As we wrap things up here at Who Is George Mills?, one thing that does keep us going is our metaphorical mailbox. A message has arrived this week with a clarification and an interesting observation.
Here's a not from Chris Williams of the Croquet Association regarding a previous entry and the colour photograph you see below [click to enlarge]:
I spoke to Martin Granger-Brown over the weekend and he was a member at Budleigh in the late 60s/early 70s and remembers the Millses. I showed him the photo that you published on Saturday 9th July and he was able to name a few more of the people in the photo.
You have
Front Row: Unknown could be Robin Godby who lived in London, Joan Warwick, John Solomon (who was the subject of the poem I sent you by Gerald Cave), Bill Perry + Sally his dog, unknown, Sir Leonard Daldry.
Back Row: John Cooper (I think), unknown, unknown, unknown, Guy Warwick, unknown, Gerald Cave.
He reckons that the back row is
John Cooper, unknown, Ralph Bucknall, Jim Townsend, Guy Warwick, unknown, Gerald Cave.
He also thinks that the lady on the right in the front row is Lady Daldry.
He also said that Aggie was very haughty and posh and used to look down on people.
Regards,
Chris
Thank you so very much, Chris! We are now able to put some names alongside a few more faces in the above photograph.
For our purposes here, though, what is even more interesting is the brief observation in the last sentence.
We know from the Devonshire Park photograph (circa 1957) that Aggie Mills, sister of George Mills, had no qualms about placing herself front and center in the image among women who were presumably her friends. Players and croquet personalities of greater notoriety than Aggie placed themselves off to the side: The legendary Hope Rotherham springs immediately to mind.
Her brother George and sister, Violet Mills, both found themselves positions towards the rear and away from the center in the image. You can see them all marked on the image above.

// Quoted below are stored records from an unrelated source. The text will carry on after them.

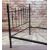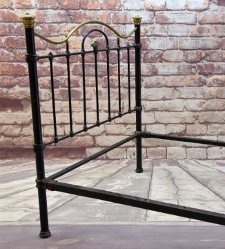 EDWARDIAN CAST IRON & BRASS DOUBLE BED FRAME, shaped bar head and footboard, with ornamented clasps, 203 long x 140 wide x 142cms high
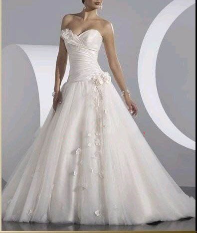 A Line Sweetheart Court Floor Length Handmade Flowers Organza Satin Wedding/evening Dress W001 |
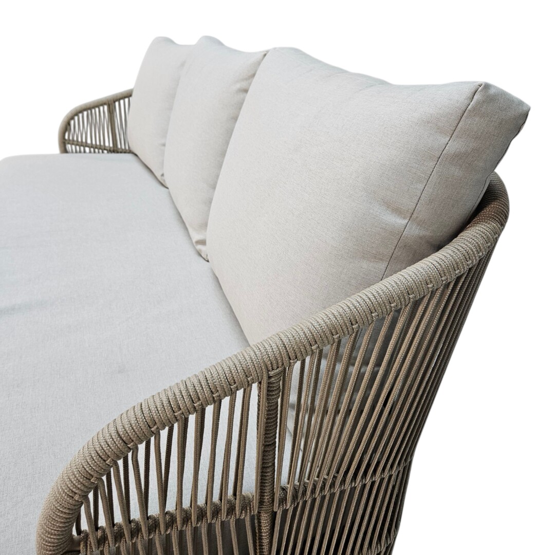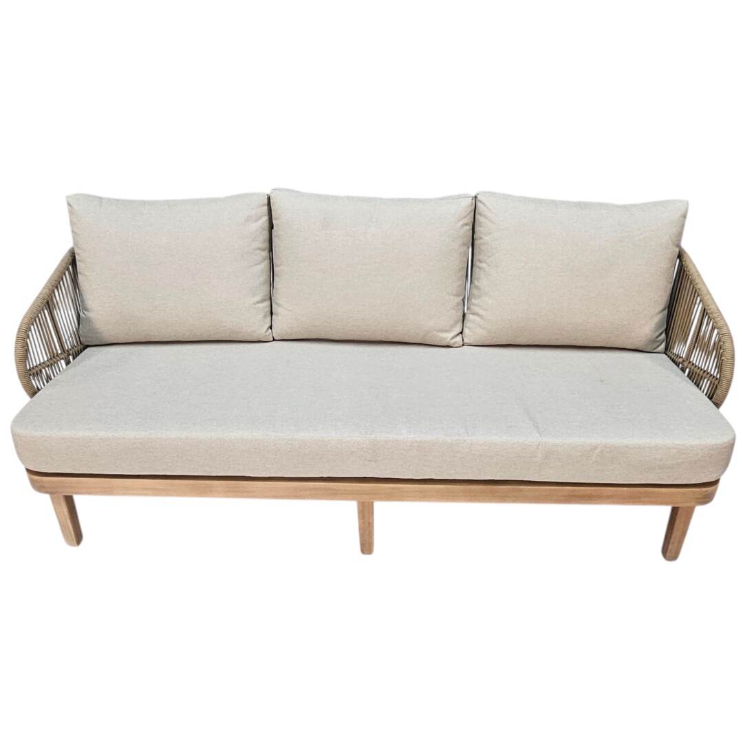 The deep-seated, three-seater sofa and accent chairs are framed in solid Eucalyptus wood and finished with intricate, hand-woven rope backs in a neutral tone, providing a light, airy aesthetic and excellent support

One wonders why so few people today recall George Mills, and really have dim recollections of his sisters much beyond a first impression—good or bad—of any of the Mills siblings.

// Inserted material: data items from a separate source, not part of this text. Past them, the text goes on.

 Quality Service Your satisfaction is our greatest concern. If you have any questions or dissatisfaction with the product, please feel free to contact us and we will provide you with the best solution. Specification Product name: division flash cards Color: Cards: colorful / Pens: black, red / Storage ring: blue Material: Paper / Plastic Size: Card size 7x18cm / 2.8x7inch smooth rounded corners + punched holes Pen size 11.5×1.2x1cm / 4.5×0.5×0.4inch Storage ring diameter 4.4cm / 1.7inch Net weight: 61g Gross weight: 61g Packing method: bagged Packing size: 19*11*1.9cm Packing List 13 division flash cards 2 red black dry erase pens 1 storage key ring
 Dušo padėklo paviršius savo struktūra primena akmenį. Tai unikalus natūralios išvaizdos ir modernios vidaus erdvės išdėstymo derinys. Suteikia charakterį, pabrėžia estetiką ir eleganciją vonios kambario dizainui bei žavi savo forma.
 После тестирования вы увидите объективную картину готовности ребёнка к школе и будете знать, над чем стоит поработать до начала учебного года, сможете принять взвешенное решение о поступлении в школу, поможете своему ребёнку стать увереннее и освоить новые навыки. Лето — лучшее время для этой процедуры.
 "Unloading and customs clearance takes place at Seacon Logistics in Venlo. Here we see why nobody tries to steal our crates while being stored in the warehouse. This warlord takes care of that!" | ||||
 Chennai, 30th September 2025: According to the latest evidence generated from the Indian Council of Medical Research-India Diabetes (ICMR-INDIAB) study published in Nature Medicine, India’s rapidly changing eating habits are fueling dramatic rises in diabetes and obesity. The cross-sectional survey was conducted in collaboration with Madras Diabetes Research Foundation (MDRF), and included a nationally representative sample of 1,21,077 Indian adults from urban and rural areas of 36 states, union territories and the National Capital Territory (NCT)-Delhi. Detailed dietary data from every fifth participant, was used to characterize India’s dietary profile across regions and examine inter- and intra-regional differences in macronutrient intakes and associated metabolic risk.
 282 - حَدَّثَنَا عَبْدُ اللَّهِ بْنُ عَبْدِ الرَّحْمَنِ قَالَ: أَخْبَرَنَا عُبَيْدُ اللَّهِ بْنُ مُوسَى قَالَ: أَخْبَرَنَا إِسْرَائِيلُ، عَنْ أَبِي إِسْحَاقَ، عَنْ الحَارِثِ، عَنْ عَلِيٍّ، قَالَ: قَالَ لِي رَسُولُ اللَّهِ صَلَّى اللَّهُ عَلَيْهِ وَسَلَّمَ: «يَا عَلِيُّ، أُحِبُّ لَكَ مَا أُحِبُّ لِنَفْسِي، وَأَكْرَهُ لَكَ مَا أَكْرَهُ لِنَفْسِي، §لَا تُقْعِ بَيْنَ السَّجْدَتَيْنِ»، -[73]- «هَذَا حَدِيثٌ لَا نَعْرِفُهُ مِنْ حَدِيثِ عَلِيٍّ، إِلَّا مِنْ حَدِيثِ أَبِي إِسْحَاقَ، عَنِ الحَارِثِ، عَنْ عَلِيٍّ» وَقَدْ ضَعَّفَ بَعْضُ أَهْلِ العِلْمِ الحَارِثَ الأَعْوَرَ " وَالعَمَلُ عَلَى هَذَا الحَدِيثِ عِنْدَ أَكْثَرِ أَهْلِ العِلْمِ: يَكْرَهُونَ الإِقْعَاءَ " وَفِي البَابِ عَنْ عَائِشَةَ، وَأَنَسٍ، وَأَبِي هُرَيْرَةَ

Perhaps it was a bit of haughtiness, apparently on the part of sister Aggie, that tended to keep others somewhat at arm's length from the Mills. Agnes and Violet were already ensconced at Budleigh Salterton in 1947, and George apparently came to live with them somewhat later—likely around the occasion of that 1957 photograph.
While the family—apparently even including George—were quite social themselves, one can't help but wonder how reserved their friends and acquaintances may have been. It's interesting to note that despite the involvement of the three Mills sibs in croquet at Budleigh, none of them seem to appear in group photographs of cheerful players at the club.

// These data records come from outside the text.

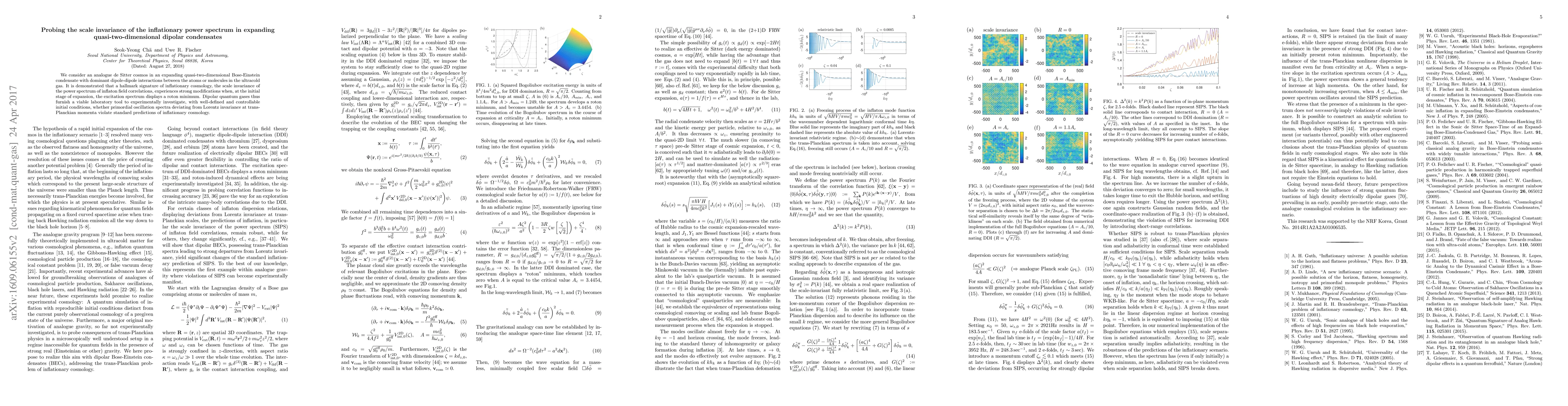 We consider an analogue de Sitter cosmos in an expanding quasi-two-dimensional Bose-Einstein condensate with dominant dipole-dipole interactions between the atoms or molecules in the ultracold gas. It is demonstrated that a hallmark signature of inflationary cosmology, the scale invariance of the power spectrum of inflaton field correlations, experiences strong modifications when, at the initial stage of expansion, the excitation spectrum displays a roton minimum. Dipolar quantum gases thus furnish a viable laboratory tool to experimentally investigate, with well-defined and controllable initial conditions, whether primordial oscillation spectra deviating from Lorentz invariance at trans-Planckian momenta violate standard predictions of inflationary cosmology.
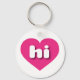 This key chain features a vibrant hot pink heart containing the bold, white, rounded lower case letters hi, a playful abbreviation for Hawaii, the aloha state.
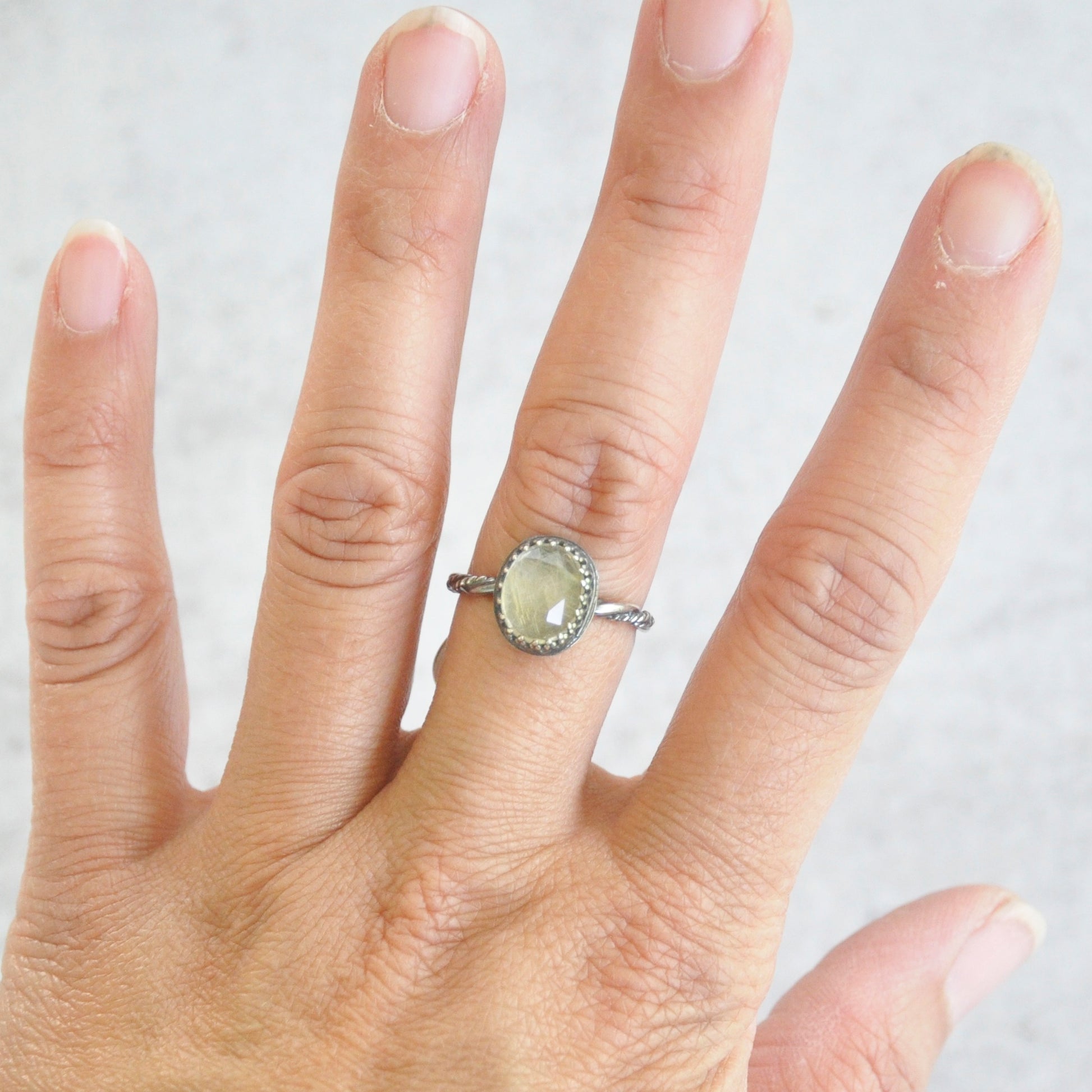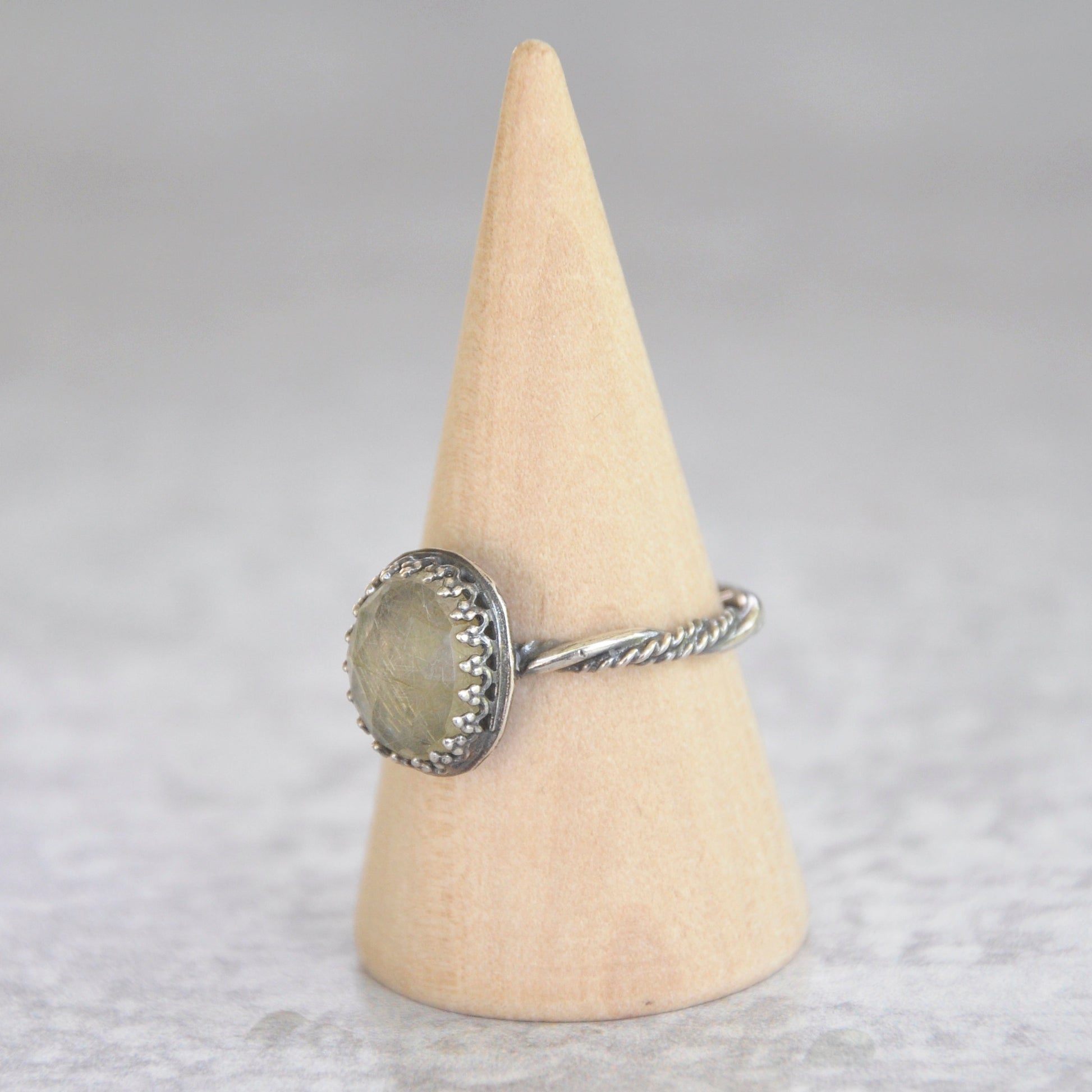 Faceted reticulated quartz is set in sterling silver is patinaed for a weathered + antiqued look.

Agnes, as they say, apparently was known to enjoy pulling the cork, as they say. Might it be that this social family—led by elder sister Agnes—may not have been enormously well-liked, at least not as much as they were well-known socially?
The reality that Budleigh Salterton was unaware that George Mills had once been a successful children's book author—and, in fact, his books then were being reprinted in the late 1950s for enjoyment by a new generation of readers—is completely mystifying to me.
Perhaps haughtiness and a condescending attitude played some role in it.
It is, at least, worth considering.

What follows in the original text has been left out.